In Trajeglish[30], a detailed comparison of various discretized tokenizers is conducted. As introduced in Sec.3.1 of this paper, we ultimately adopted the k-disks approach for token vocabulary construction. Prior to our work, no studies had attempted to construct a vocabulary for agent and road motion tokens using latent tokenizer methods [44]. Therefore, we drew on the visual domain’s VQ-VAE approach to perform latent autoencoding of motion tokens and provided a comparison of this tokenizer with the method selected in this paper.

Train on WOMDTrain on NuPlan

Tokenizer

Kinematics

Interactive

Map

Kinematics

Interactive

Map

VQ-VAE0.4610.8100.8530.3760.6870.703
K-disks0.4530.8030.8510.4160.7850.797

From the results in Table7, it is evident that VQ-VAE performs better on a single dataset compared to k-disks. Specifically, both methods achieve similar results in interactive and map-based metrics, but VQ-VAE outperforms k-disks in kinematic metrics. The k-disks approach loses fine-grained trajectory information during discretization, whereas VQ-VAE better fits the true distribution of the dataset when reconstructing trajectories. However, when comparing the two methods’ performance in zero-shot generalization, k-disks significantly outperform VQ-VAE. We speculate that during the training of the VQ-VAE tokenizer to construct motion and road token vocabularies, the tokenizer may have already memorized or overfitted to the training dataset. Therefore, to achieve better generalization performance using the VQ-VAE approach, it is essential to pre-train the VQ-VAE tokenizer on a large-scale dataset.

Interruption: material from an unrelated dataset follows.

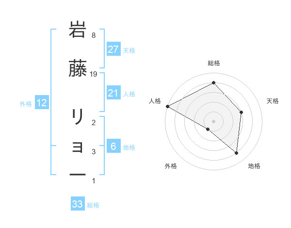 岩藤 リョーさんを姓名の画数から五運を鑑定

Comparison of SMART models with different scales

For language models, large and diverse datasets are relatively easy to obtain. In contrast, the autonomous driving motion domain lacks a data source of comparable size and diversity. To validate scaling laws on a larger dataset, we integrated data from Waymo, Nuplan, and our proprietary dataset. We introduced our proprietary dataset solely for validating scaling laws. For the WOSC leaderboard evaluation, we exclusively used the Waymo dataset. For generalization and other ablation experiments, we utilized both Nuplan and Waymo open-source datasets to facilitate reproducibility of the experiments by providing access to widely available datasets. Table 8 below summarizes the scenario count, duration, and total motion token count for each dataset.

DatasetScene CountSingle Scenario DurationTotal Motion Token Count
Nuplan30w10s0.13B
Waymo48w9s0.18B
Proprietary150w11s0.68B
Total228w-1B

Method
Kinematic
metrics\uparrow
Interactive
metrics\uparrow
Map-based
metrics\uparrow
Training timeAverage inference time
SMART 1M0.4170.7610.8288hours10.30ms
SMART 8M0.4530.8030.85123hours10.79ms
SMART 36M0.4560.8100.8613days19.73ms
SMART 96M0.4570.8190.8721week46.58ms

The results in Table 9 highlight the performance of SMART models with different parameter scales across various metrics. As the model scale increases from SMART 1M to SMART 96M, there is a significant improvement in both the interactive metrics and the map-based metrics. This indicates that larger models are better at capturing interactions and understanding map-based context, leading to enhanced performance in these areas. However, the kinematic metrics show minimal variation. Additionally, the training time and average inference time increase substantially with larger models, reflecting the trade-off between model performance and computational cost. Validation is conducted every 50,000 train steps. The model is considered to have converged if there is no significant loss reduction or metric improvement after five consecutive validations. The training and inference time is measured on 32 NVIDIA TESLA V100 GPUs.

SMART: Scalable Multi-agent Real-time Simulation via Next-token Prediction (2024)

References

Top Articles
Latest Posts
Article information

Author: Delena Feil

Last Updated:

Views: 6239

Rating: 4.4 / 5 (65 voted)

Reviews: 88% of readers found this page helpful

Author information

Name: Delena Feil

Birthday: 1998-08-29

Address: 747 Lubowitz Run, Sidmouth, HI 90646-5543

Phone: +99513241752844

Job: Design Supervisor

Hobby: Digital arts, Lacemaking, Air sports, Running, Scouting, Shooting, Puzzles

Introduction: My name is Delena Feil, I am a clean, splendid, calm, fancy, jolly, bright, faithful person who loves writing and wants to share my knowledge and understanding with you.